Wednesday, May 11, 2011

Chap 9 Section 3: Continuous Compounding

Hello class. At the beginning of the day, Mr. Cope gave a 5 minute review on sections 9.1 and 9.2. He simply taught exponential growth (9.1) and exponential decay (9.2). He taught the equation y=ab^x. A being the number you begin with, b being the growth factor (growth b>1, decay 0<b<1) and the x being the number of years being used. This was just a quick review of what was taught on Monday and Tuesday.

Next Mr. Cope handed back the tests and homework quizzes we took last week. Unfortunately, Teacher Logic no longer shows the class average so there will be no comparison to period 1 in this blog post. Anyway, we were able to compare our answers to Mr. Copes key and then we moved on to today's lesson.

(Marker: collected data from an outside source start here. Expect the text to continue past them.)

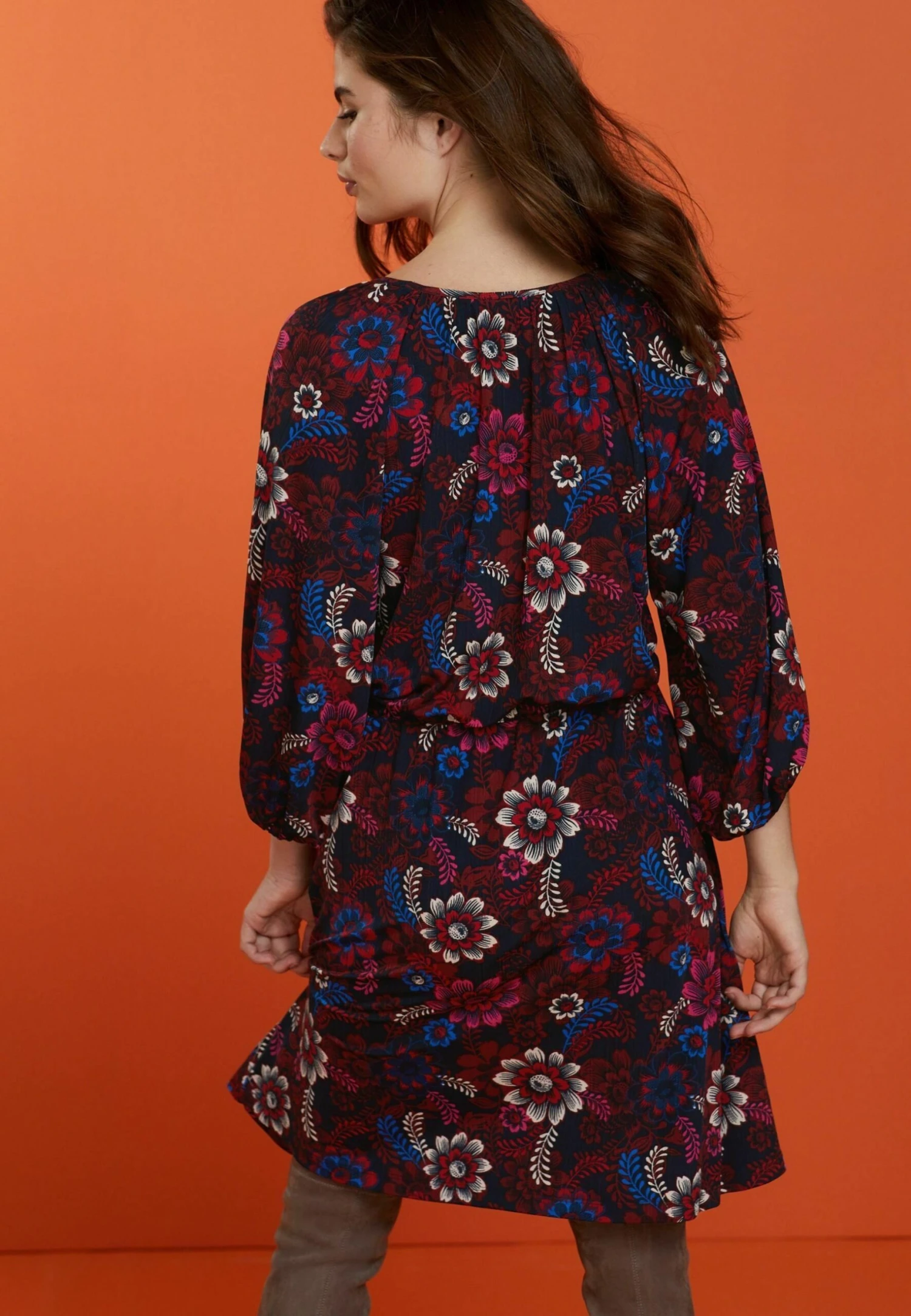 Next Long Sleeve Slinky – Jurk – Navy Purple Floral
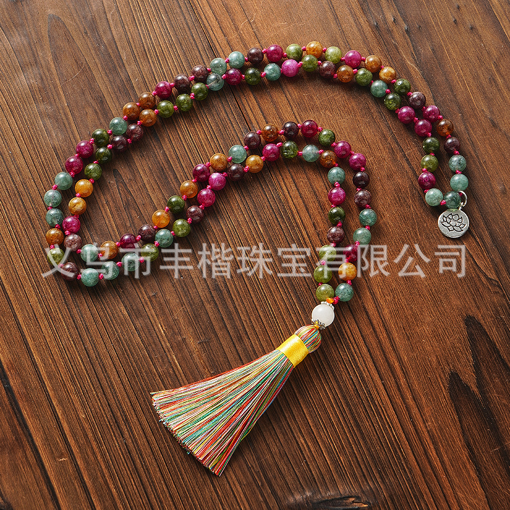 Cross-border Best Selling 108 Colorful Tourmaline Knot Necklace Bohemian Ethnic Style Necklace Hanging Neck Meditation Necklace Manufacturers
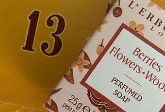 Abrimos ventana 13 y nos encontramos con un jabón perfumado (hay 3 jabones en el Calendario dell'avvento L'erbolario, dos perfumados y un champú.
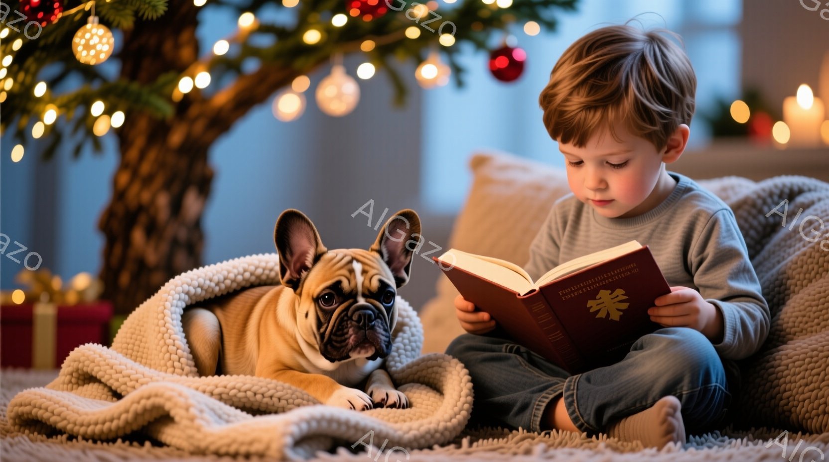 茶色の毛並みの小さなフランスブルドッグが、白い編み物のブランケットに包まれて床に座っています。少年は、グレーの長袖シャツとタンクトップ姿で、本を熱心に読んでおり、膝を抱えて座っています。背景にはクリスマスツリーが飾られ、暖かい光が部屋全体を照らし、居心地の良い冬の雰囲気を醸し出しています。
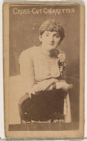 Editor: We’re looking at a gelatin-silver print titled "Lulu Burdette," dating from the 1890s. It was produced by W. Duke, Sons & Co. What strikes me most is the overall tonal softness, how the creamy whites blend almost seamlessly into the beige background. What do you see in terms of its composition? Curator: The photograph, being a gelatin-silver print, reveals much about the process and materiality itself. The near-monochromatic palette emphasizes the subtle variations in tone. The formal qualities reveal a hierarchy; Lulu’s face draws attention and softly juxtaposes against the lace, and ultimately is harmonized with the background through tone, even as its subject and composition suggest otherwise. How do you respond to that tension? Editor: I find it creates a delicate balance, preventing the image from feeling too static or flat, despite the limited color palette. So, the interplay between the flatness of the print and the illusion of depth, achieved through tonal variations, adds to its visual interest? Curator: Precisely. Note how the textural details of her lace dress and fan are rendered through a network of fine lines and shadows. Observe also the delicate contrast achieved using gelatin on silver; what could you suppose is being represented through the photographic medium itself? Editor: I see. It is not only representing an actress, it's offering a perspective of societal ideas through its construction. It's like the photograph itself performs femininity, almost as Lulu Burdette does as an actress. That adds another layer of meaning that I hadn't considered before. Curator: Indeed, that’s an astute observation. We should continue in order to elaborate these structural relationships between subject, process and form!
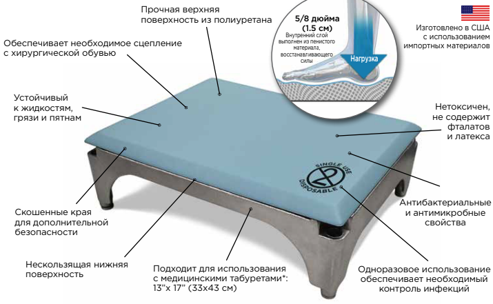 Представляет собой эффективное эргономичное решение для хирургов, медсестер и техников, которым необходимо стоять на медицинском стуле во время напряженных операций. Глубокая подкладка и превосходный комфорт ковриков смягчают дискомфорт в ногах, ногах и спине для повышения производительности и концентрации во время операции.
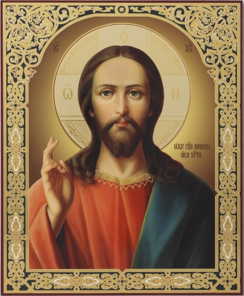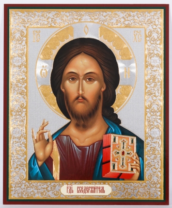 Икона на деревянном планшете 30х40 двойное тиснение, ДСП, ПВХ Спаситель ростовой №2
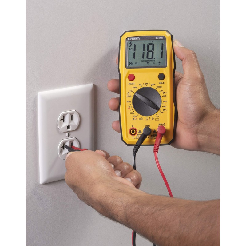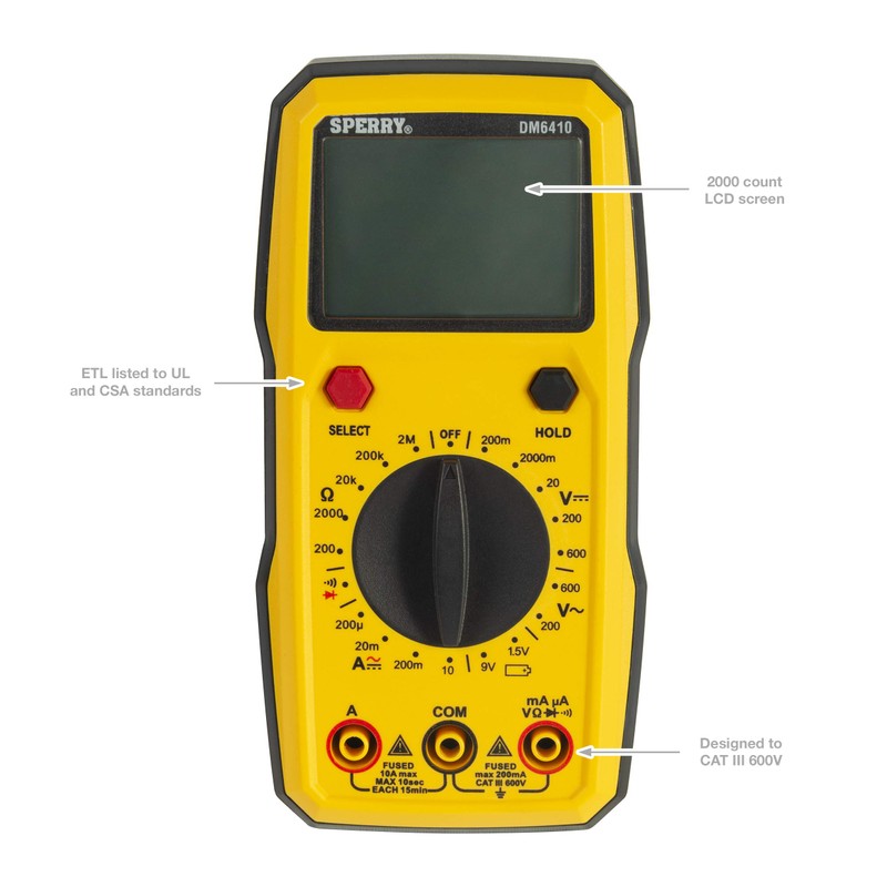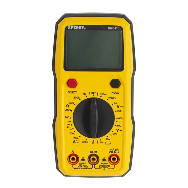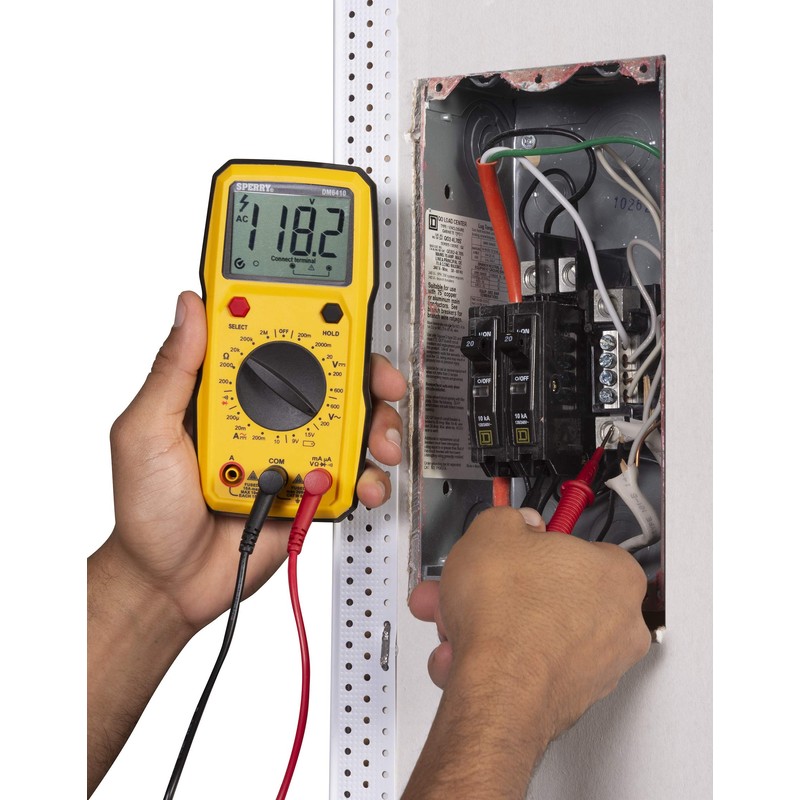 Engineered to exceed the expectations of the professional electrician, the Sperry Instruments DM6410 8 Function Manual Ranging Digital Multimeter offers a durable and ergonomic impact resistant design manufactured to the latest industry standards. Featuring improved audible and visual indicators, the industry's leading LCD display size, and easy to read markings. This unit features a data-hold switch to maintain the reading on the lCD screen (maximum count: 1999) and a low battery indicator to ensure you won't get incorrect readings due to low batteries. This unit uses two AAA batteries and includes an auto-off function designed to save battery life. Special test lead input icons integrated into the display prompt the user to ensure correct lead placement for a desired test. Capable of testing AC/DC voltage and current this meter also measures amps, resistance and continuity (audible), and performs diode and battery testing (1. 5V, 9V). Data hold feature captures reading on the display and holds thru multiple tests. Housing is impact resistant. CAT III (660V), cETLus and CE rated with a lifetime to give our users the peace of mind they deserve. Ships with two AAA batteries included in the package.

Today we learned about continuous compounding. We began with a chart showing a bank pays 100% interest for 1 year. So we went through annually, quarterly, monthly, daily, and hourly using the equation P(1+r/n)^nt. The final value (hourly) was very close to e (2.71828) or Euters number which is used to represent exponential growth. So the formal equation for Continuously Compounded Interest is a=Pe^rt. P stands for the original number, e stands for Euters number, r stands for either the growth of decay (growth=if number is positive, decay if number is negative), and t stands for the number of years. We then did an example 1 which was "Suppose $1800 is invested at an annual interest rate of 7% compounded continuously and the money is what happens in 5 years. So the equation would be 1800e^.07(5). You then would solve it on the calculator and your answer should be 2554.32.